Da Covax Philanthropie und einen von einigen wenigen Pharmakonzernen kontrollierten Markt aneinanderkoppelt, sei die Initiative keine echte Lösung. Trotzdem gelte es, Covax zu unterstützen.
Wirklich etwas bringen könnten aber zwei andere Initiativen, die das System ändern würden. Einerseits der sogenannte C‑Tap, ein Technologie-Transfer-Pool, der an die WHO angesiedelt ist. „Es gibt schon heute Technologie-Transfer-Pools für andere Krankheiten, zum Beispiel für HIV/AIDS, Hepatitis C und Tuberkulose. Es ist bekannt, dass dies möglich ist. Diejenigen, die das Wissen haben, würden es in diesen Pool geben und andere Produzent:innen könnten darauf zugreifen. Dabei handelt es sich nicht nur um Patente, sondern auch um anderes geistiges Eigentum und bisher unveröffentlichte Daten“, meint Hertig dazu.
Die Schweiz ist der Initiative bisher allerdings nicht beigetreten.
Die zweite Initiative ist der TRIPS Waiver, der von der WTO lanciert wurde. Mit diesem würden alle geistigen Eigentumsrechte für Covid-19-Technologien (Tests, Behandlungen, Impfungen) vorübergehend aufgehoben werden. Um nicht von der WTO sanktioniert zu werden, haben Südafrika und Indien schon im Oktober beantragt, dass für die Zeit der Pandemie die geistigen Eigentumsrechte ausgesetzt werden.
Darauf bezieht sich auch die von der USA Anfang Mai eingebrachte Forderung. Für die Schweiz kommt dies allerdings nicht infrage. Zu wichtig ist ihr die Monopolstellung der Pharmakonzerne.
Damit die geistigen Eigentumsrechte vorübergehend aufgehoben werden können, müssten die WTO-Mitglieder zu einem konsensualen Entschluss kommen. Der Schweiz als Pharmastandort kommt dabei grosse Verantwortung zu. Doch die Reaktionen auf den US-Entscheid zeigen einmal mehr, dass von der Schweiz in dieser Hinsicht nicht viel zu erwarten ist.

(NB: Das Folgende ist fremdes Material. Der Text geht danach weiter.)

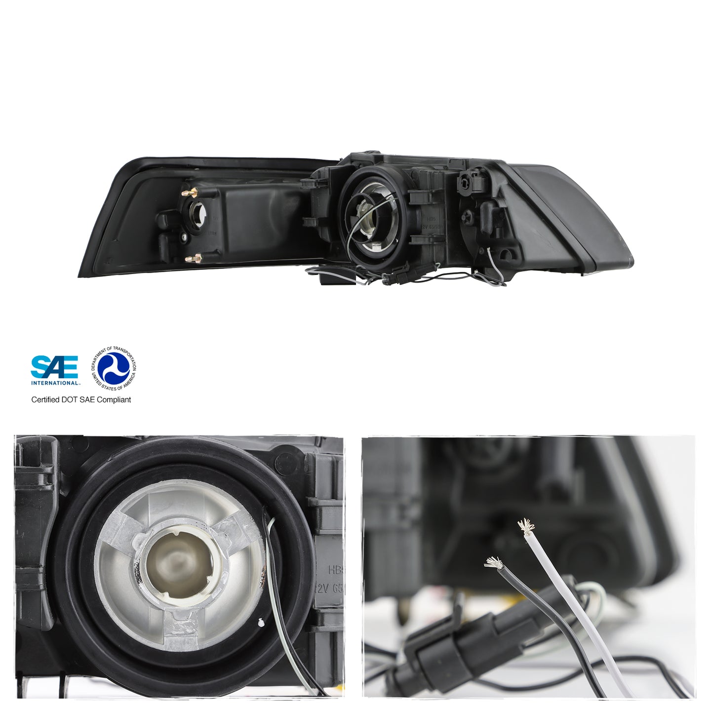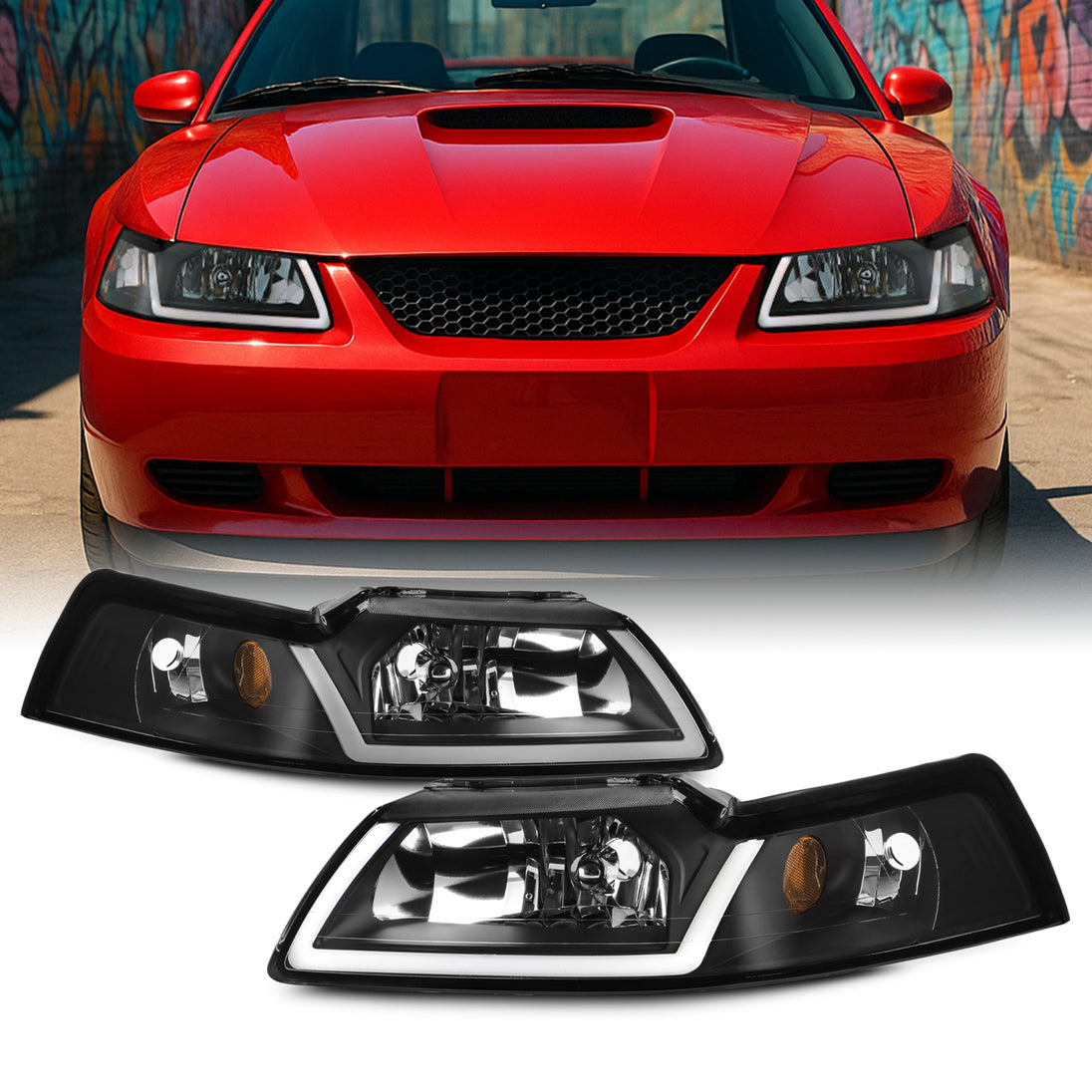 AKKON - Fit 1999 2000 2001 2002 2003 2004 Ford Mustang 99-04 Halogen Type Headlights w/LED DRL Headlamp Black Housing OE Style Direct Replacement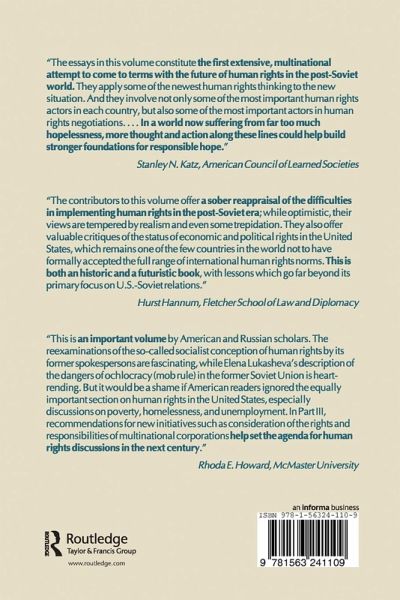 Leading specialists and activists from Russia and the USA join, in this volume, to offer a searching assessment of human rights in their own countries and in the world at large. They reflect on past history, present problems associated with system breakdown and decline, and the obstacles and opportunities on the way to the realisation of human rights in this uncertain post-Cold War era and the millennium that is now dawning. The participants in the discussions detailed here include Yelena Bonner, Viktor Chkhikvadze, Norman Dorsen, Riane Eisler, David Forsythe, Paula Garb, Charles Henry, Susan Heuman, Irina Lediakh, Vladimir Kudriavtsev, Pavel Litvinov, Richard Schifter, Henry Shue, Evgenii Skripilev, Vladimir Vlashihin, Oleg Vorobiev and the editors.

Auch von den von der EU vorgeschlagenen Zwangslizenzen, die die Firmen verpflichten würden, die Produktion in andere Länder auszuweiten, hält die Schweiz wenig. Stattdessen hält sie die freiwillige Vergabe von Lizenzen für den besseren Weg.
Was gilt es also zu tun?
Erstens: Aufklärungsarbeit leisten. Dazu bedarf es der Recherchen von NGOs wie Public Eye und deren Verbreitung.
Zweitens: Transparenz fordern. Ein erster Schritt dazu wäre, dass im Parlament ein Antrag auf Änderung des Öffentlichkeitsgesetzes gestellt würde. Dazu braucht es die politische Linke.
Drittens: Aufzeigen, dass die Schweiz Handlungsspielraum hätte. Zum Beispiel über die Patentaufhebung oder aber mit den Zwangslizenzen über die WTO. Oder indem sie eigene Impfstoffe Ländern mit wenig Bestand gratis zur Verfügung stellt. Welches der bessere Weg wäre, darüber muss eine Debatte geführt werden. Auch dafür braucht es die politische Linke.
Damit sich diese bewegt, muss – viertens – Druck von der Strasse über Aktionen vor den Standorten der Pharmakonzerne ausgeübt werden. Diese Strategie hat sich das Kollektiv Solidarisch aus der Krise auf die Fahnen geschrieben: „Wir haben uns als Kollektiv zusammengeschlossen, da es die Linke bis jetzt nicht geschafft hat, auf die grossen Missstände eine solidarische Antwort zu finden.“
Eine solidarische Antwort auf die Krise zu geben – die Schweiz hätte es in der Hand.